PREMACY, designed by the Applicant, which comprises, in the lower zone, a circumferential wire arrangement, arranged in three stacks, in the following order: four rounds, eight rounds, nine rounds and zero rounds, starting from the stack most axially outer, towards the most axially inner stack. The reinforcement structure passes between these four stacks. Such an arrangement extends radially over a large height, but with a small width, thus resulting in a rather low moment of inertia.

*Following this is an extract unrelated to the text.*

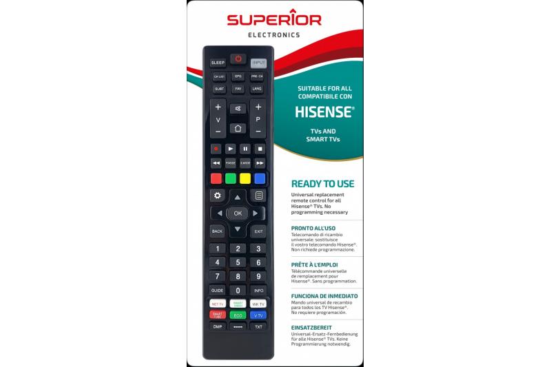 TYPE: Universal remote control for all Hisense TVs produced after the year 2000. Includes all the functions, both standard and advanced, plus all the keys of the original remote control. Keys are large and soft to the touch

To overcome these various drawbacks, the invention provides a tire adapted for running with extended mobility, comprising at least one carcass-type reinforcement structure anchored on each side of said tire in a bead whose base is intended to be mounted on a rim seat, each said bead extending substantially radially outwardly in the form of flanks, the flanks joining radially outwardly a tread, the carcass-type reinforcing structure extending circumferentially from the bead towards said flank a crown reinforcement, each of said sidewalls being reinforced by a sidewall insert made of a rubber composition capable of supporting a load corresponding to a portion of the weight of the vehicle in a situation where the inflation pressure is substantially reduced or nil , each of the beads also comprising an anchoring zone allowing the maintaining the reinforcing structure and comprising on the one hand a rubber anchoring mixture and a series of circumferential wire windings disposed in said rubber mixture, on either side of the end portion of the reinforcing structure said circumferential wire arrangements being divided into at least four cells:

two tall stacks, each having at least 6 turns, one on each side of the reinforcement structure and immediately adjacent to it, immediately adjacent, means that there is no other pile or wire between the reinforcing structure and said high pile, the two high piles totaling at least 14 turns (for the set of high batteries) and at least two low batteries, separated from the reinforcing structure by at least one high battery, and

the difference in the number of revolutions between each of the lower stacks with respect to each of the high stacks, being greater than or equal to two revolutions, (eg 3, 4, 5, or 6 according to the illustrated examples).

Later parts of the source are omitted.